My door is unlocked. Pushing it open, I can see through to the living room. It looks like a giant cat has pissed, twice, on the lino. Then I hear a sound I know instinctively from my childhood: possums in the roof. Only the roof of this building is four storeys higher. I turn around and there’s a ladder set up against the wall in the hallway to the height of the mezzanine, about a metre under the ceiling.
‘Only me, only me,’ a muffled voice says. A small behind in army pants is backing out. ‘I came over to water the plants,’ Julia turns to me. ‘I thought I’d just get some of this old stuff while I was here.’ She passes me a bike pump like a relay baton and climbs down with a shoebox under one arm.
‘Old love letters,’ she says apologetically, and to my surprise she turns red. The blush begins at the neck and moves rapidly up to her yellow hair. This used to happen to me until some merciful god put an end to it so I don’t look, but walk straight through to the kitchen.
Julia has started to use the plants as a reason to drop by, both as if she is saving me the trouble of watering them, and by way of gentle rebuke. ‘The plants’ are two skinny croo
ked bald-trunked palm things in pots in the living room and not only is it true that I forget to water them—I forget their existence altogether. Subconsciously I have come to think of this apartment as some kind of closed and self-sustaining universe, with its own laws of nature. It tolerates my presence but demands as little interference from me as possible. I just keep to my tracks: bed to bath, window to desk.
Julia comes through to the kitchen. Along with the army pants, she is wearing her usual assortment of black: black boots, black baggy jumpers and a black scarf twisted like a dishrag around her neck. Right now she is black, red and yellow, uncharacteristically patriotic in the colours of the German flag.
‘Coffee?’ I ask.
‘Love some. I ran out two days ago.’
I look at her and I know that under all those layers of black is a wiry body and a sharp-sharp mind, but there is something about Julia that breaks my heart. She has an honesty I have started to think of as East German, a transparent fairness with all things that leaves her so open. But it’s not that. She is a hermit crab, all soft-fleshed with friends but ready to whisk back into its shell at the slightest sign of contact. It’s not that either.
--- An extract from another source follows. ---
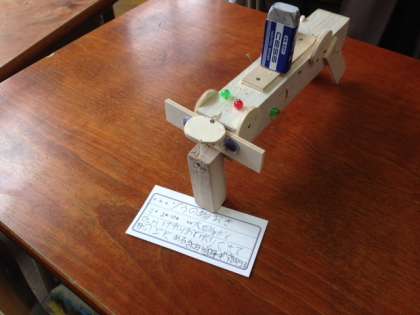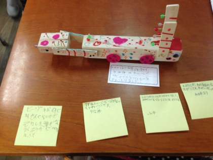 「くぎうちトントン」の作品が出来上がりました。自分の紹介カードを添えて、教室で“展示会”をしました。友だちの作品の良いところを見つけ、みんながコメントを貼り付けていきます。

I don’t know what it is.
‘I’ve been thinking lately about all the drunks and the homeless in the park,’ I say.
‘There were no drunks before the Wall came down,’ Julia says. ‘I mean,’ she corrects herself, ‘in the park. No-one was homeless as they are now.’
They might not have been in the park, but there certainly were drunks. Per capita the East Germans drank more than twice as much as their West German counterparts. Sometimes they had to live in untenable arrangements because of the lack of housing: divorced couples still together, or newlyweds with the in-laws. Whatever the other shortages were, you could always, always buy beer and schnapps. People were drunk on the job, drunk after work, and drunk at home putting up with one another in a place from which there was no escape.